▸ Task description:
Print nothing but the lines below starting at the line that holds "Books - A Collection" and ending at the line that holds "Läßt sich die", including both, each exactly as written.

*** Entries shown ***

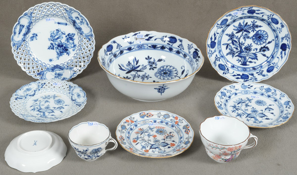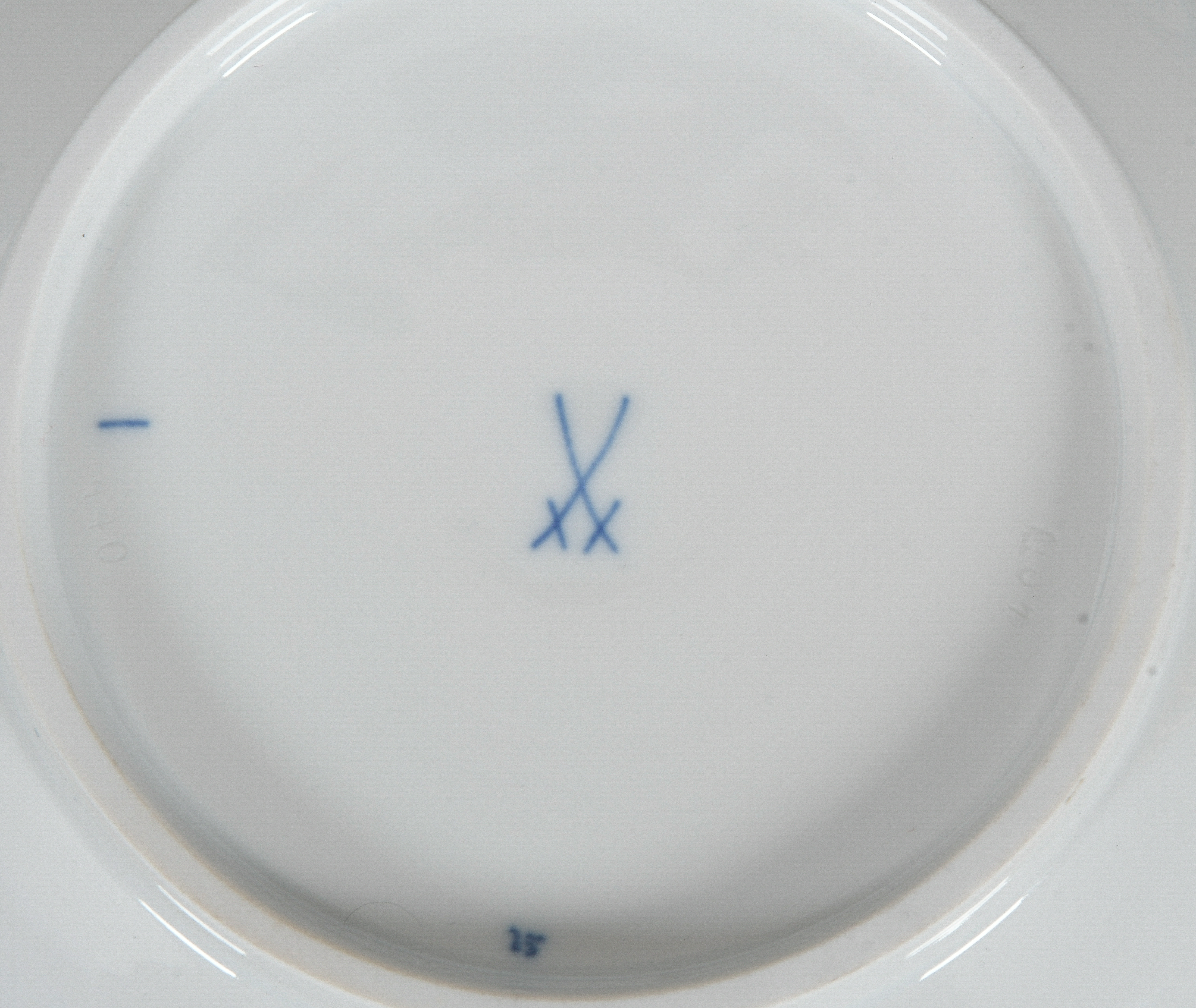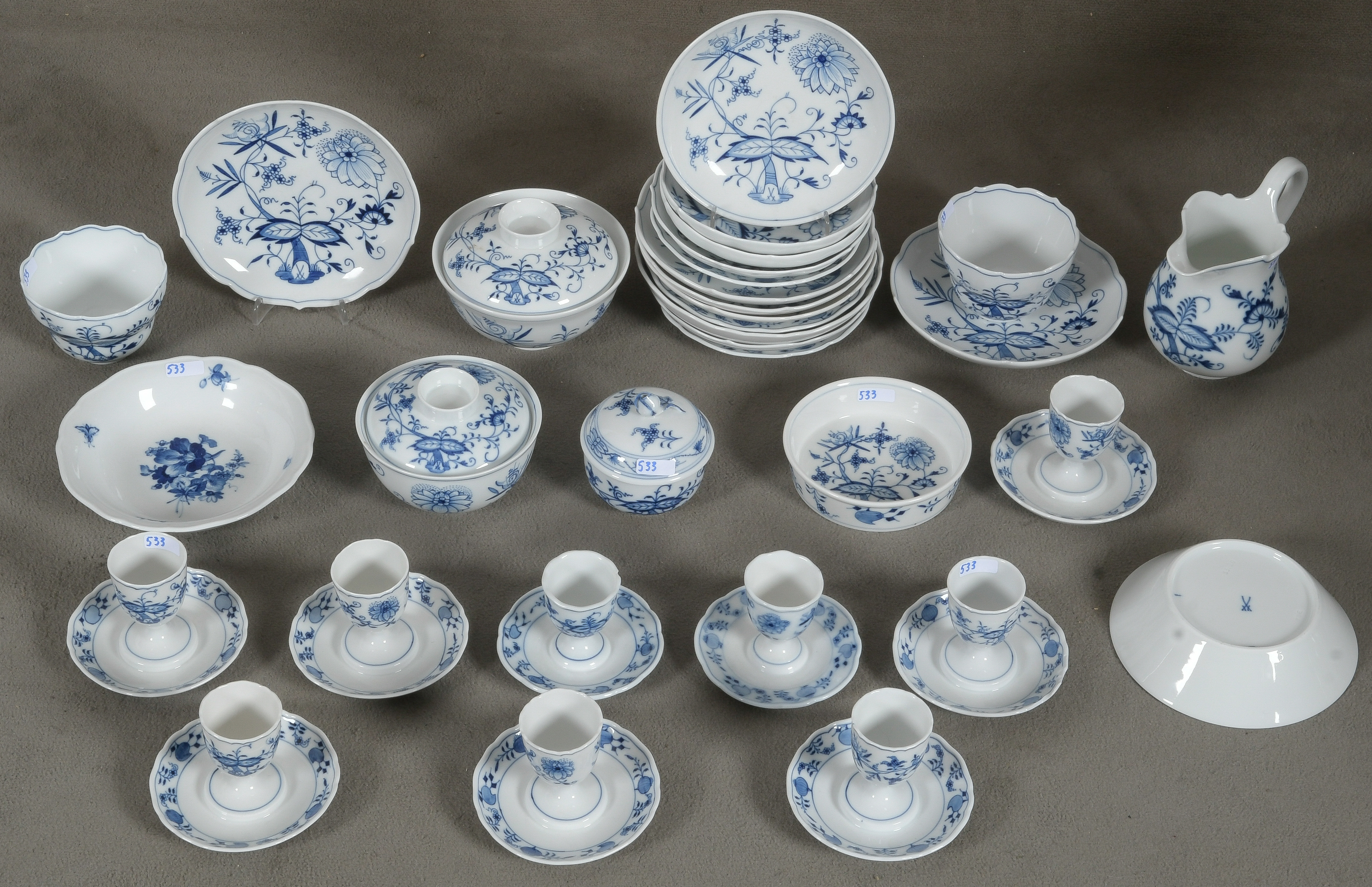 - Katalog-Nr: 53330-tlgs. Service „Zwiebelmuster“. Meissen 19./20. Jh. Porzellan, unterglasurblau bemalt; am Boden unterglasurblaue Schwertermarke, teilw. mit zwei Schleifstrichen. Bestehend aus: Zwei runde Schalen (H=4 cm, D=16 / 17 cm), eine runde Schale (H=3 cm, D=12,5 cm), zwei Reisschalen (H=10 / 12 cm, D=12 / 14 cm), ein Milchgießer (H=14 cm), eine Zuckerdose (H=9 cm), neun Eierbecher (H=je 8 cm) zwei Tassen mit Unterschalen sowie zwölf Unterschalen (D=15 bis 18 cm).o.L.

*** End of Entries shown ***
*** Entries shown ***

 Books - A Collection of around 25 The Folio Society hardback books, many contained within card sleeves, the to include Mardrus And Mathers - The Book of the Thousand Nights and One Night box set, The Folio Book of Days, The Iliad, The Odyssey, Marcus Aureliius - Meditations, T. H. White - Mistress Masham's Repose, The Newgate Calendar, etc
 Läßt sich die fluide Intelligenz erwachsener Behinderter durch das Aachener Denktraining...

*** End of Entries shown ***

▸ Result of the task:
 Books - A Collection of around 25 The Folio Society hardback books, many contained within card sleeves, the to include Mardrus And Mathers - The Book of the Thousand Nights and One Night box set, The Folio Book of Days, The Iliad, The Odyssey, Marcus Aureliius - Meditations, T. H. White - Mistress Masham's Repose, The Newgate Calendar, etc
 Läßt sich die fluide Intelligenz erwachsener Behinderter durch das Aachener Denktraining...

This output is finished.